The main reason for marriage breakdown is focused closely on affective qualities of relationships which are infidelity, followed by incompatibility, and communication problems. Infidelity is the most mentioned main causative factor to divorce as it is been cited most of the articles that we have studied because this act is mostly considered unjustifiable in trust issues spouses cannot recuperate from. According to Shellie Warren (2018), infidelity always starts with emotional affair and it will be developed into physical affair.
The explanation given by Paul R.Amato and Denise Previti (2013) on their article addresses that spouses will show poorer adjustment and estrangement between married couples will occur that leads to the dissolution of their marriage. Thus, infidelity is a perilous watershed in a deteriorating relationships. Besides, incompatibility is also one of the affective reasons that leads to spouses getting divorce. Incompatibility or drifting apart is a situation related to emotional attrition in the relationship-not being understood, not in love anymore, feeling lonely and unappreciated (Ilene Wolcott, 1999).
This reason is expected to be the indicators of problems regarding deeper psychological or social roots (Jody Hughes, 1999). Anyhow, either spouses cannot be blamed for the failure of marriage based on incompatibility as couples are unable to cooperate with each other to stay married. Communication is the key of a marriage and inability to have an effective communication will lead to pique and depression for both spouses, causing marital problems. Some unhealthy routine of communication that leads to frustration are having too much argument and conflict, yelling at spouse and lack of communication throughout the day (Shelby B. , et al. , 2013).

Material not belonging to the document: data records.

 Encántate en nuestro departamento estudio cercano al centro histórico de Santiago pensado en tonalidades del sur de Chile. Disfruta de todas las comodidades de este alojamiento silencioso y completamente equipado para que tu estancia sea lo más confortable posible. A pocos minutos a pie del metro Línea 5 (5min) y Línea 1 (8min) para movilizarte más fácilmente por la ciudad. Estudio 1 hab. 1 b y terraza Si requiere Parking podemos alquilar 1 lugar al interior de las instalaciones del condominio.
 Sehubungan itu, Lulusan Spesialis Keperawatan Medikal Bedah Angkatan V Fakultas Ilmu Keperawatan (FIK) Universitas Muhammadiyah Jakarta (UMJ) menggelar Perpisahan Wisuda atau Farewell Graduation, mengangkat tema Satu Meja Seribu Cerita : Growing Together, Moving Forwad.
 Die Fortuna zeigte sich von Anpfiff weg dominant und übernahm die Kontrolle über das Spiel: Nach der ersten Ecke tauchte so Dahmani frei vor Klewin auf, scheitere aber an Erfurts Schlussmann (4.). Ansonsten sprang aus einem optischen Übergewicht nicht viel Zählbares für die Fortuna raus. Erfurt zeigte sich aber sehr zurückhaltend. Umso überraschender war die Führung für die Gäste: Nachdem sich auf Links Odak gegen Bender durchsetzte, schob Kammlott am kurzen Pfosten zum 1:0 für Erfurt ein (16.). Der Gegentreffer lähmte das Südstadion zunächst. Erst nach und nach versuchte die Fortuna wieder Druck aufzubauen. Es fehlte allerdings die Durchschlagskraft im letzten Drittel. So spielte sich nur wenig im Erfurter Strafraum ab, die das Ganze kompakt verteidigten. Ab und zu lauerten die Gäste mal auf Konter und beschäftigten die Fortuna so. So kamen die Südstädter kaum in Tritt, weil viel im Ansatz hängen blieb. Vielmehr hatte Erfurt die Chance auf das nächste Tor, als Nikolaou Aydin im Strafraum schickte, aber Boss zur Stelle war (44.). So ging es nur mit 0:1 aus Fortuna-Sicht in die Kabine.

The study by Bindhu Vasudevan, et al. (2015) on divorce rate also to be stated due to lack of understanding and communication problem among the couples. The findings may be interesting, but this is not the first time we are hearing that communication could make or break ones marriage. A range of personalities, characteristics and behaviours attributed to oneself or commonly one’s spouse, is the second major causes for marital failure. Frequently counted in in this category are alcohol and drug abuse, physical violence to spouse (wife) or child, and emotional or verbal abuse. In most of the articles, alcohol and drug addiction set a prominent strain on a marriage as an outcome in the exchange of behaviours.
The number of wives nominating their husbands on negative behaviours are far way more than the husbands doing so (Ilene Wolcott ; Jody Hughes, 1999). These addiction and abuse can skyrocketed and can often kill the spouse who is involve in these habits and the spouse who is not will often suffers till the end of life. Thus, the spouse, mostly women or wives, are more willingly to file divorce than being ended up in a pathetic life. Physical danger to the wives and children was one of the many reasons for marriage breakdown.
According to the research done by Shelby B. , et al. (2013) the wives voiced out how the violence or mistreatment in their relationship grow continuously with increased level of violence and remorseful till the seriousness extremity of the abuse worsen to unassailable levels. In spite of the fact that wives can still bear with the physical violence of their husbands, when their children themselves were to be the victims, that is where the women stand up with all the rights to apply divorce.
Hence, the inability to overcome their challenges, the wives prefer to end up in courtrooms. Emotional and verbal abuse in a marriage is such a covert form of domestic violence and abuse that many people are unable to recognise that they are a victim. In this context, women are the main victim of these abuse that triggered them to get divorce although the abuser is not a “bad” person, as deep emotional issues are to be blamed (Shellie Warren, 2018). Factors outside the interactive relationship such as financial problems and physical and mental health may affect the relationship causing stress leading to marital failure.
Financial hassle plays an important part on how people interact with one another. Most divorce cases occur shortly after a major financial crisis in a family, such as a failed investment or bankruptcy and when one of the spouse losses the job or being fired. Financial hardship can increase the couples’ loneliness, misery, and they will be having low self-esteem which can worsen marital tensions (Ilene Wolcott & Jody Hughes, 1999). Thus, couples with low incomes are at a higher risk of divorce than couples with higher incomes.
In addition, physical illness and mental health problems have often been incorporated within the external pressures’ category. Physical and mental illness can increase stress in a relationship and lower marriage satisfaction. Poor health can strain finances, affect sexual relations and create tensions that lead to decreased marriage satisfaction. Marital distress and psychological illnesses mutually influence each other.
Marriage problems can create or intensify some psychological illness but individuals with psychiatric disorders are also less likely to develop satisfying marriages (Ilene Wolcott ; Jody Hughes, 1999).